WHAT IS EXPECTED:
With pictures excluded, output exactly the lines that run from the first line of the data below through the line containing "Результат огляду на".

** DATA IN THIS EXERCISE follows **

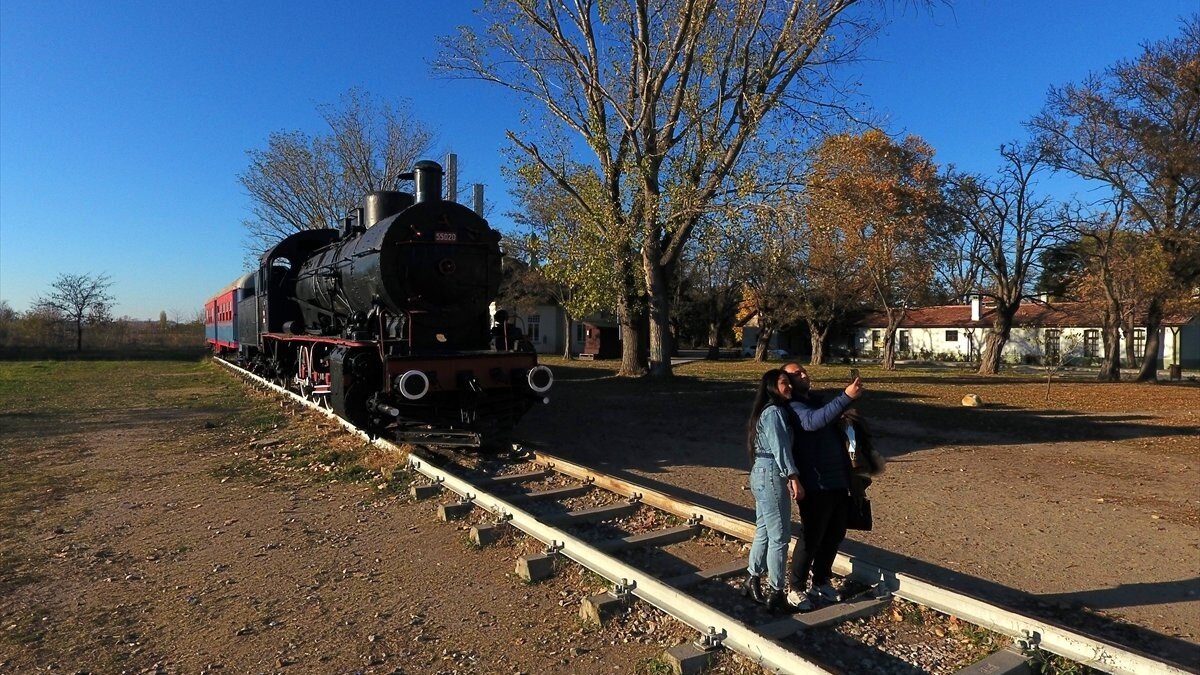 Kışa göz kırpan sarı yapraklı ağaçları fon yapan onlarca Edirneli ve kente gelen ziyaretçiler, en çok eski tren garını tercih ediyor.
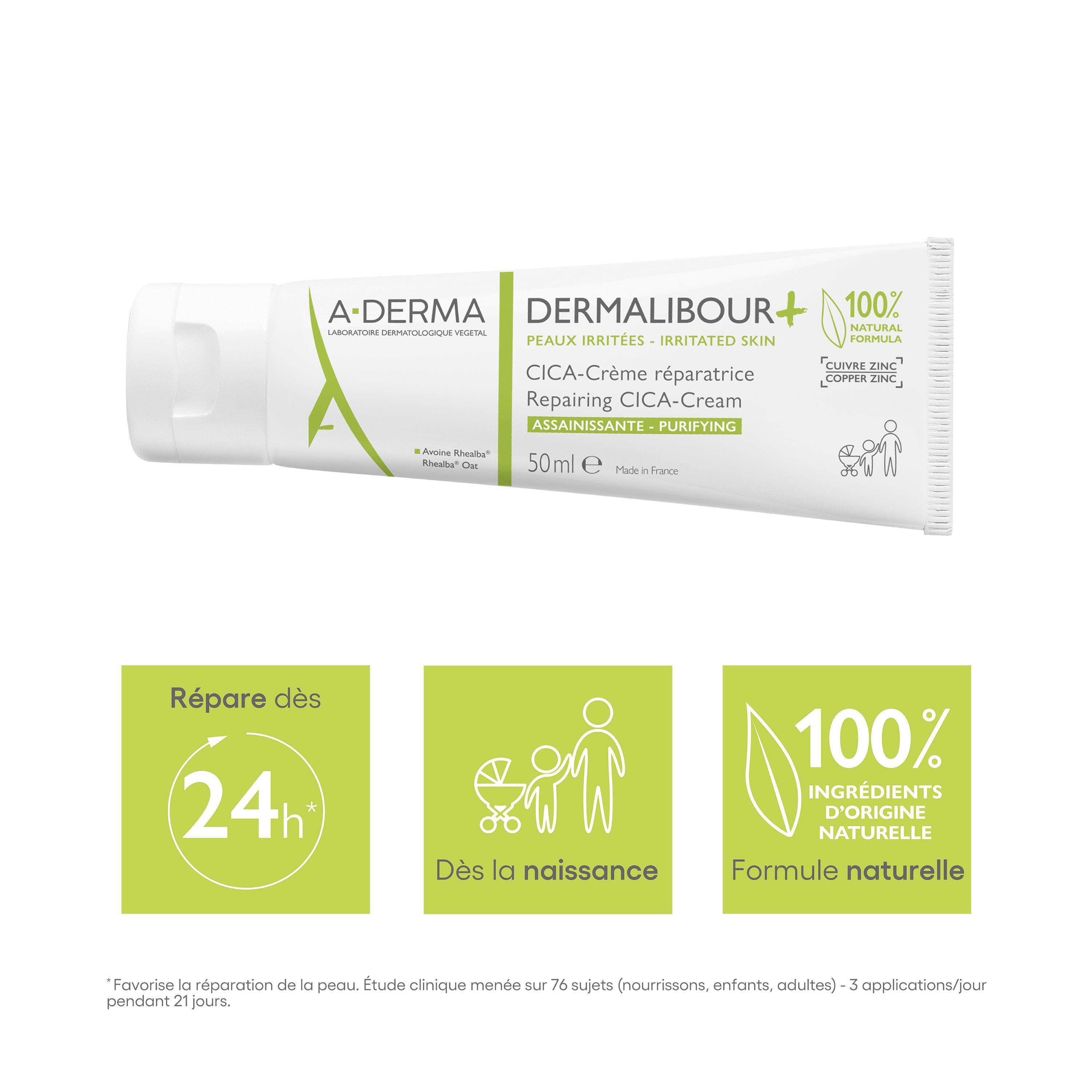 DERMALIBOUR+ CICA-Crème réparatrice assainissante apaise immédiatement, répare* et assainit les peaux irritées de toute la famille dès la naissance. Les zones du corps et du visage qui rougissent, piquent ou tiraillent bénéficient de sa formule efficace dès 24h¹ et 100 % d'origine naturelle.
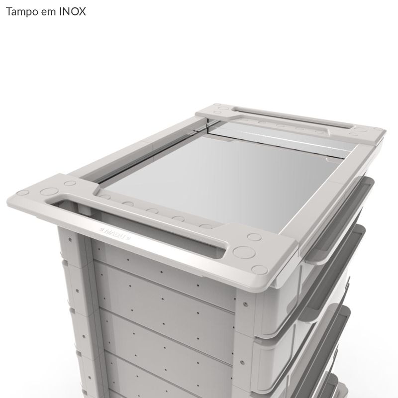 Com um tampo e gavetas de INOX, oferece uma superfície limpa e moderna que resiste ao tempo e ao uso contínuo.
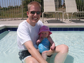 Lexi didn't know what to think at first about the swimming pool, but luckily after a few minutes decided she liked the splashing and the little water falls she could put her hands in.
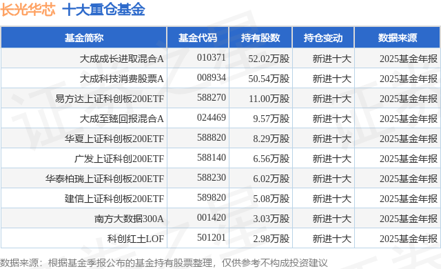 根据2025基金年报公募基金重仓股数据,重仓该股的公募基金共20家,其中持有数量最多的公募基金为大成基金的大成成长进取混合A。大成成长进取混合A目前规模为5.92亿元,最新净值1.9169(2月11日),较上一交易日下跌1.22%,近一年上涨55.3%。该公募基金现任基金经理为杜聪。杜聪在任的基金产品包括:大成科技消费股票A,管理时间为2024年12月27日至今,期间收益率为58.17%;大成至臻回报混合A,管理时间为2025年6月25日至今,期间收益率为35.38%。
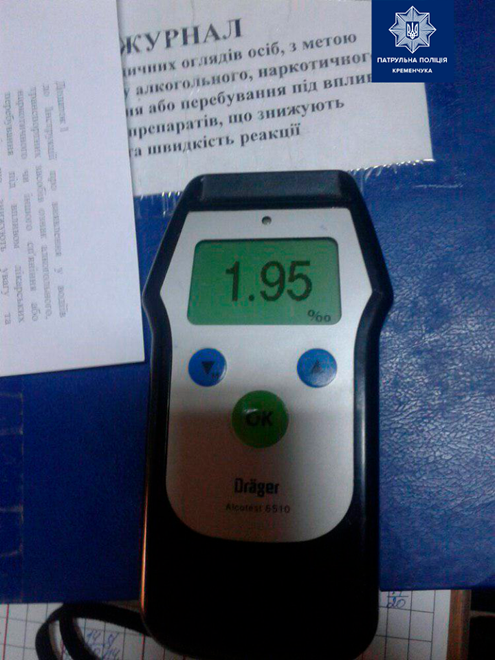 Результат огляду на стан сп’яніння у медичному закладі склав 1,95 проміле алкоголю. Це майже в 10 разів перевищує допустиму норму, яка становить 0,2 проміле.
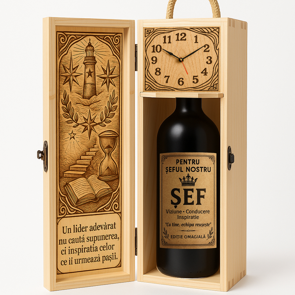 Interiorul, realizat cu grijă și atenție la detalii, include un ceas funcțional, simbol al echilibrului, al timpului dedicat conducerii și al deciziilor bine cântărite. Setul conține o sticlă de vin roșu de 750 ml, cu etichetă personalizată, iar textele din interior pot fi adaptate pentru un mesaj elegant de recunoștință sau felicitare.
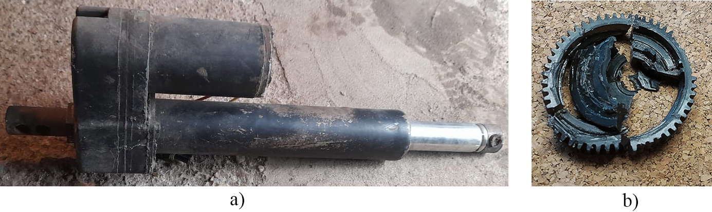 a) электрический линейный привод подбарабанья зерноуборочного комбаина; b) разрушенное зубчатое колесо привода
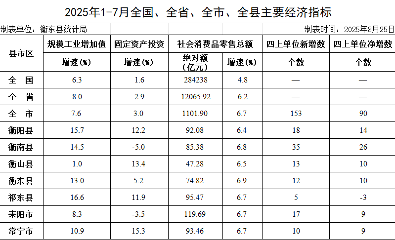 2025年1-7月主要經(jīng)濟(jì)指標(biāo)

** End of DATA IN THIS EXERCISE **

REPLY TO THE EXERCISE:
 Kışa göz kırpan sarı yapraklı ağaçları fon yapan onlarca Edirneli ve kente gelen ziyaretçiler, en çok eski tren garını tercih ediyor.
 DERMALIBOUR+ CICA-Crème réparatrice assainissante apaise immédiatement, répare* et assainit les peaux irritées de toute la famille dès la naissance. Les zones du corps et du visage qui rougissent, piquent ou tiraillent bénéficient de sa formule efficace dès 24h¹ et 100 % d'origine naturelle.
 Com um tampo e gavetas de INOX, oferece uma superfície limpa e moderna que resiste ao tempo e ao uso contínuo.
 Lexi didn't know what to think at first about the swimming pool, but luckily after a few minutes decided she liked the splashing and the little water falls she could put her hands in.
 根据2025基金年报公募基金重仓股数据,重仓该股的公募基金共20家,其中持有数量最多的公募基金为大成基金的大成成长进取混合A。大成成长进取混合A目前规模为5.92亿元,最新净值1.9169(2月11日),较上一交易日下跌1.22%,近一年上涨55.3%。该公募基金现任基金经理为杜聪。杜聪在任的基金产品包括:大成科技消费股票A,管理时间为2024年12月27日至今,期间收益率为58.17%;大成至臻回报混合A,管理时间为2025年6月25日至今,期间收益率为35.38%。
 Результат огляду на стан сп’яніння у медичному закладі склав 1,95 проміле алкоголю. Це майже в 10 разів перевищує допустиму норму, яка становить 0,2 проміле.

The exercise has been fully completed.